You cannot simply engage solely in the activity of “marketing”. There has to be something to market. You have to have a product. This has to be created or generated or grown or picked or mined or recycled or otherwise obtained somehow. It seems to me that a lot of people are quite willing to do this “marketing” thing, in favour of attending to the creation or generation step. You can’t market nothing, you have to add something of value, and no, marketing marketing doesn’t count, that adds up to nothing. How much time should we spend making and creating, and how much time for publicising that we’ve made the stuff, or have the stuff or are the stuff? I suspect those that are attracted to the perceived benefits of this “marketing” activity are precisely the sort of people who simply don’t make things or create things or even fix things.
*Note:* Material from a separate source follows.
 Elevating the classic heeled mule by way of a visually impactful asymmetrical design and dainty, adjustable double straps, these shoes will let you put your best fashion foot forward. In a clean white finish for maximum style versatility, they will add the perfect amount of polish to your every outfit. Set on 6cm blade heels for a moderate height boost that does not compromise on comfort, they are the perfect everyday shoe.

There are people who make and create and generate, and I include the people who also repair and upgrade and maintain. However, there is certainly another type of person who shuns the innate ability we all have to produce because they offer a different value. Instead, they act as what I will term “circuses” between hubs of people in a clique, topic domain or community. In the same way, some people in those groups of people — the trades, interest groups or organisations, act as hubs by earning respect and visibility through their value and expertise. At the hub and community level, many of the highly connected and visible hubs that exhibit high network fitness within their communities, are usually also producers and consumers of the specific topic they are involved in.

The hubs are effectively people who know about other people in a domain and what they like and require. Because of this value the hubs are rewarded with connection fitness, in that domain. Everybody goes into and out of that hub, and more so because of their connectivity. They become visible and popular within a domain. They are the hubs that everyone connects to. They know their stuff, they know their people, they know their people that know their stuff. High network fitness.
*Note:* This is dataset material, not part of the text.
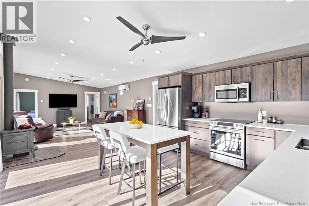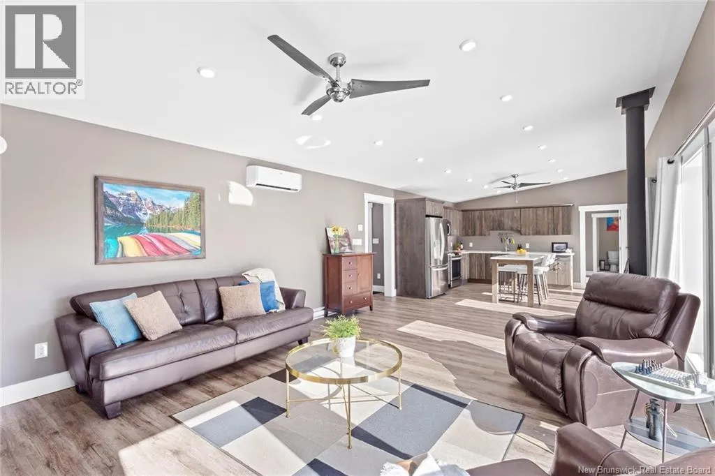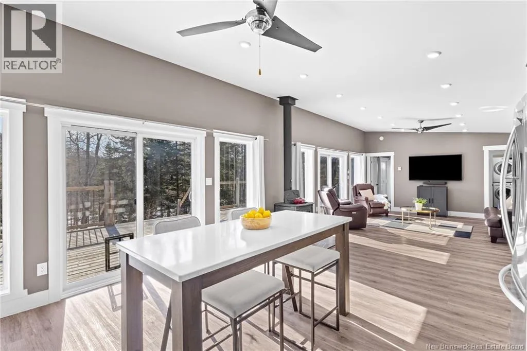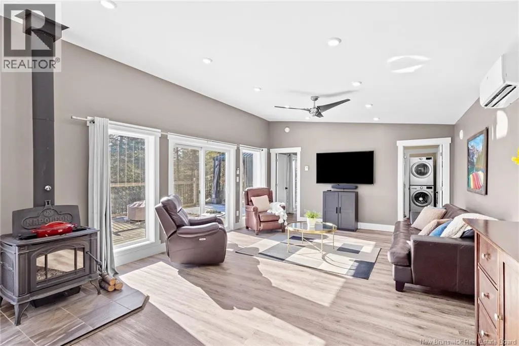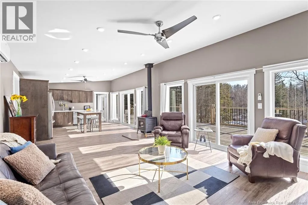 Follow NB-10 E to Northfield Ave in New Zion. Follow Northfield Ave and Northside Dr to Tracy Rd., turn left to Tracy Rd., home will be on the right Welcome to 48 Tracy Rd., Minto where you will find your own private retreat nestled within village limits on 1.2 hectares along the Newcastle Stream. This immaculate property offers a rare blend of privacy, lifestyle, and convenience, located just 40 minutes from Fredericton and only 5 minutes to local amenities, schools, and the health centre. This peaceful & secluded setting will make you feel like youre in your own personal paradise. Enjoy casting a fishing line right from your front yard or kayaking & canoeing along the stream. With a greenhouse to grow your own vegetables, space to produce maple syrup, and even the option to keep bees, this property truly is a lifestyle. Inside, this 2-bed, 2-bath home features an open-concept with high ceilings & large windows that capture stunning water views. The kitchen impresses with quartz countertops & custom-built island, flowing into a bright living area complete with WETT-certified wood stove perfect for cozy evenings. The spacious primary bedroom has a walk-in closet & private ensuite. A second full bath with laundry is conveniently located off the main living area. Outside the expansive deck is ideal for enjoying your morning coffee while taking in the tranquil surroundings. A newly built detached double garage, fully insulated & heated, adds incredible value. With a 3-pc bath and bachelor loft, it offers potential for guests or rental income! A rare opportunity to own a serene, lifestyle-driven property in a prime location. (id:27476)

The circuses are a different type of people who know about other people across various domains along with what they produce, the value they offer, and where it can fit. They probably know quite little in detail about what happens in each specific community and domain and trade, but enough to carry a surface level conversation. Enough to get the inkling about it. Enough to be able to deal with the concept abstractly, but not from the inside. What they can do is hook up one concept with another. Know which plugs and sockets on the patchboard might prove useful to hook together. In fact, they often don’t even know that, they simply connect them anyway. If nothing happens, nothing happens, but otherwise, something might happen! And because of their highly connected network fitness, hooking together the diverse hubs themselves, they get significant scale-free magnitudes of rewards.

That’s probably how things work in life, so there you are: the secret, all yours — enjoy. Tweet this around in between your pictures of kittens, and let the world know what I’ve taught you today. Become a Circus!